Fiche pratique "Acheter en ligne - Questions-réponses" - J 240


Avant l'achat

Peut-on tout acheter sur Internet ?

Pendant l'achat
Etes-vous protégé lors de vos achats ?Quelles sont les obligations d’information préalables ?
Comment être sûr que la commande a bien été validée ?Les informations préalables sont-elles confirmées ?
Quand et comment paie-t-on sur Internet ?  

Après l'achat
Peut-on revenir sur ses achats ?| Que faire si le produit commandé n’est pas disponible ?
Quels sont les recours possibles en cas
de problèmes de livraison ?
| Le professionnel peut-il se dégager de ses responsabilités ?
Quelles sont les garanties sur les produits achetés par Internet ?Vos données personnelles sont-elles protégées ?

Que faire en cas de litige ?

Pour en savoir plus



Etes-vous protégé lors de vos achats ?

Lorsque vous achetez en ligne auprès de professionnels (commerçants, prestataires de services, etc.), vous êtes protégé par les dispositions de la loi n° 2004-575  du 21 juin 2004 pour la confiance dans l’économie numérique (LCEN), qui régit le commerce électronique, et par les articles L. 121-16 et suivants  du code de la consommation relatifs à la vente à distance  (1). Le contrat de vente ou de prestation de services sur Internet est en effet l’une des -formes de la vente à distance.

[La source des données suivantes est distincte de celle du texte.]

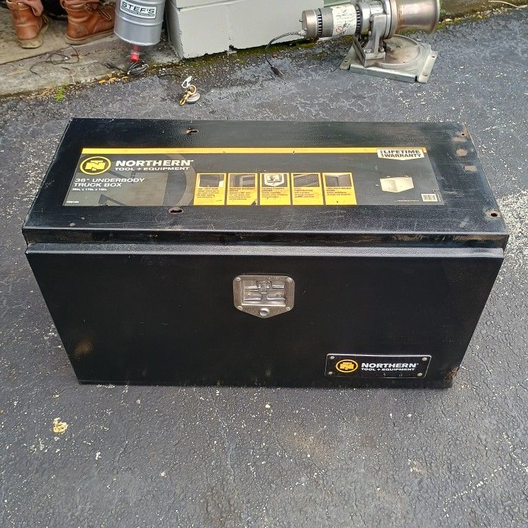 Northern Tools Tool Utility Box for a Truck can go Under or Above or in the Truck Bed Has a Swing Down Door With a Lock
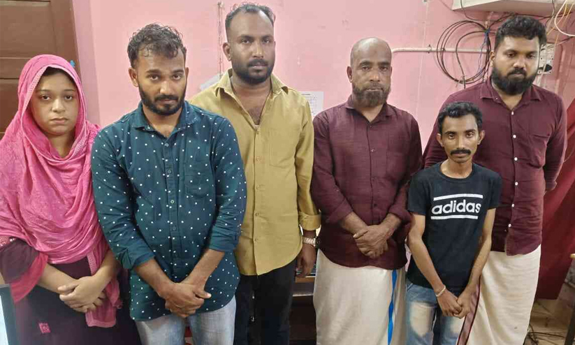 യുവതിയുടെ ഭർത്താവ് പഴകുളം പടിഞ്ഞാറ് ചിറയിൽ കിഴക്കതിൽ അനീഷ് (കുഞ്ഞാസ് 34), സഹോദരി പുത്രൻ താമരക്കുളം മേക്കുംമുറി ഇരപ്പൻപാറ സൗമ്യ ഭവനത്തിൽ ഷിബു (31), ഭാര്യയും ഏർവാടി ഉമ്മച്ചി എന്നയപ്പെടുന്ന മന്ത്രവാദിനിയുമായ ഷാഹിന (23), മന്ത്രവാദി കുളത്തൂപ്പുഴ ചന്ദനക്കാവ് തിങ്കൾ കരിക്കകത്ത് ബിലാൽ മൻസിൽ സുലൈമാൻ (52), സഹായികളായ കുളത്തൂപ്പുഴ നെല്ലിമൂട് ഇമാമുദ്ദീൻ മൻസിൽ അൻവർ ഹുസൈൻ (28), സഹോദരൻ ഇമാമുദ്ദീൻ (35) എന്നിവരാണ് പിടിയിലായത്. അനീഷിെൻറ ഭാര്യ കറ്റാനം ഇലിപ്പക്കുളം മുതുവച്ചാൽ തറയിൽ ഫാത്തിമയും (26) മാതാവ് സാജിദയും നൽകിയ പരാതിയിലാണ് നടപടി.
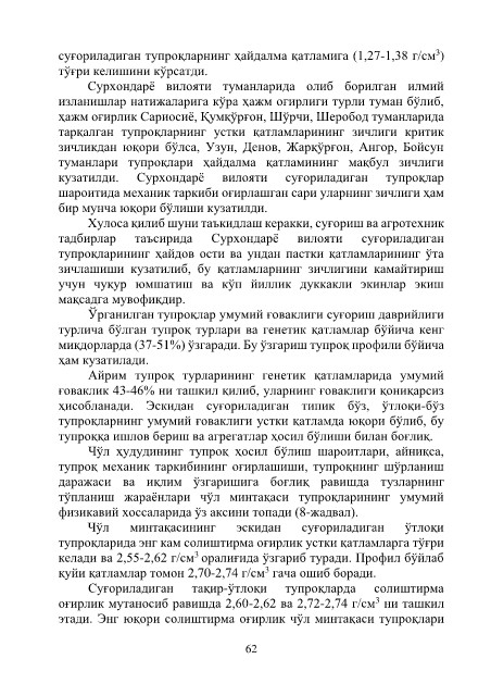 кузатилди. Сурхондарё вилояти суғориладиган тупроқлар
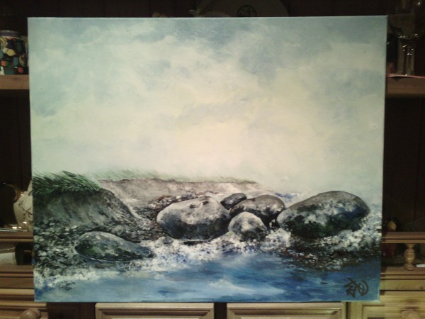 Oh, grey and bloak by shore and creek, the rugged rocks abound,
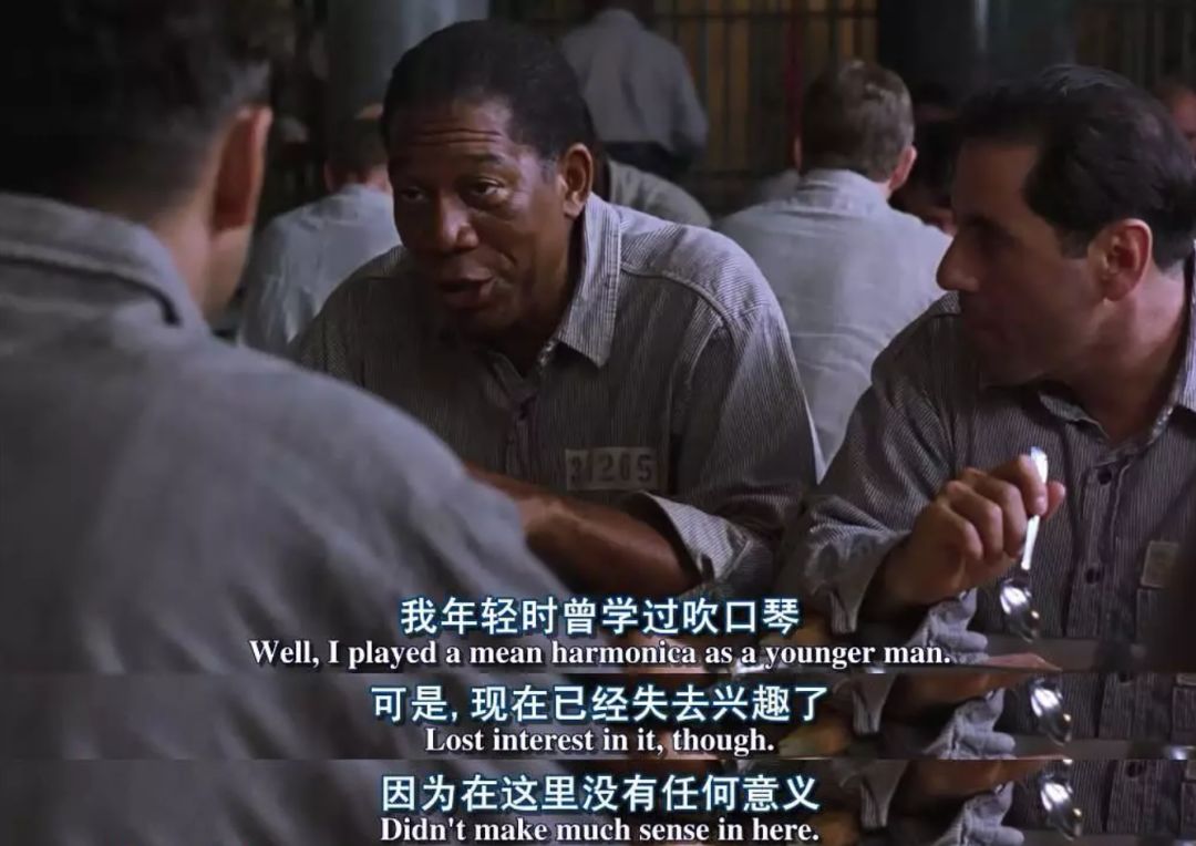 安迪因擅自广播音乐被关禁闭时,瑞德告诉他音乐在牢里没有意义。瑞德放弃了吹口琴的兴趣,其实就是丧失了生活的希望。
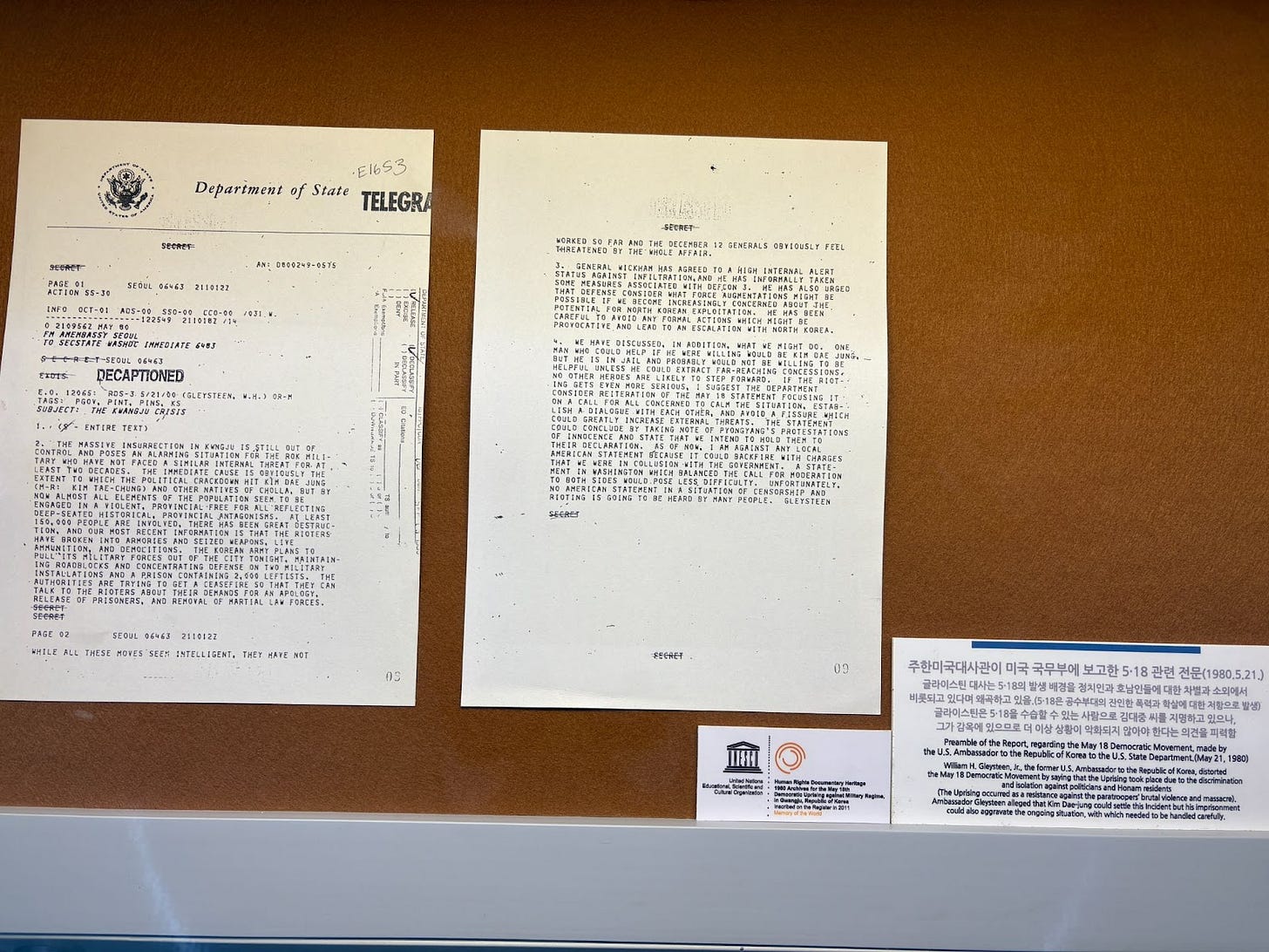 Gwangju is not just expressive about its past; it is passionately, thoroughly meticulous. The Jeonil Building, one of the city’s most iconic structures, has been renamed Jeonil 245 after the 245 bullet traces found on its top floors. The directions and depths of each trace conclusively prove that paratroopers shot at people from helicopters, a fact often disputed by those seeking to minimize the extent of cruelty inflicted on Gwangju’s people. Jeonil 245 contains an entire exhibition dedicated to repudiating false claims about Gwangju, including the oft-repeated far-right conspiracy that North Korea instigated the uprising. The nearby 518 Archives is a ten-floor building that houses documents about the events of May 1980. The top floor allows visitors to watch traffic underneath from the exact same windows where Catholic clergymen watched the military brutalize young students marching from Chonnam University. Some of those clergymen would later stage hunger strikes for democracy and clemency for protestors throughout the 1980s. The Old South Jeolla Provincial Hall, where resistance forces staged their last desperate fight, is currently being restored. Every single exhibit I went to was free to enter and had decent-to-excellent English signage.
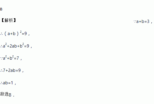 若a+b=3,a2+b2=7,则ab等于( )
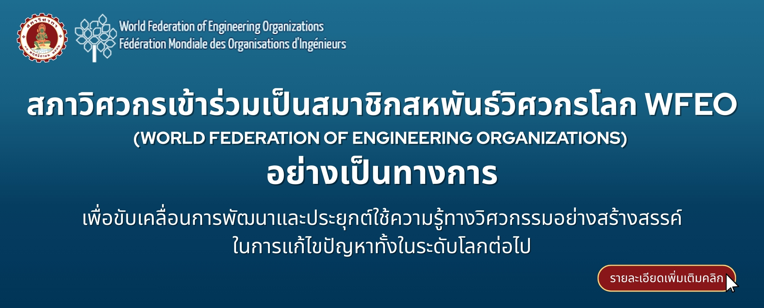 สภาวิศวกรเปิดรับสมัครผู้แทนประเทศไทยเข้าร่วมคณะกรรมการและคณะทำงานของ WFEO (World Federation of Engineering Organizations)

Mais pour que vous puissiez bénéficier de cette protection, votre transaction doit répondre à plusieurs conditions.

La vente ou la prestation doit s’effectuer entre un professionnel et un particulier

 Pour être soumise aux règles de la vente à distance, la transaction doit s’opérer entre un consommateur (personne physique contractant pour ses propres besoins) et un professionnel (personne physique, ou personne morale telle une société) agissant dans le cadre d’une activité habituelle et organisée de production, de distribution, ou de prestation de services (commerçant, prestataire de services, etc.). Est aussi qualifiée de "professionnel" la personne qui a opté pour le statut d’auto-entrepreneur  (2).
La vente entre particuliers, notamment par le biais des plateformes de mise en relation (surnommés "sites d’enchères") n’est donc pas concernée par la réglementation sur la vente à distance.

La vente entre particuliers : sites d’enchères ou de courtage en ligne

De plus en plus de particuliers vendent ou achètent via des plateformes électroniques qui mettent les internautes en relation. C’est le commerce « CtoC » (de consommateur à consommateur). L’achat ou la vente se font soit à un prix fixé à l’avance, soit aux enchères. Dans ce cas, le vendeur fixe un prix de départ et une date limite, les internautes enchérissent, et le plus offrant à la fin de la vente devient l’acheteur.

Attention :lorsque ces plateformes électroniques mettent en relation deux particuliers, les dispositions du code de la consommation sont inapplicables. Vous ne bénéficiez donc pas du droit de rétractation qui vous permet de revenir sur votre accord. En effet, seules les obligations issues du code civil et de la LCEN, relatives notamment à l’information précontractuelle, doivent être respectées.

De plus, ces plateformes de mise en relation étant considérées comme des tiers à la transaction, leur responsabilité ne peut, en principe, pas être engagée en cas d’inexécution ou de mauvaise exécution du contrat de vente.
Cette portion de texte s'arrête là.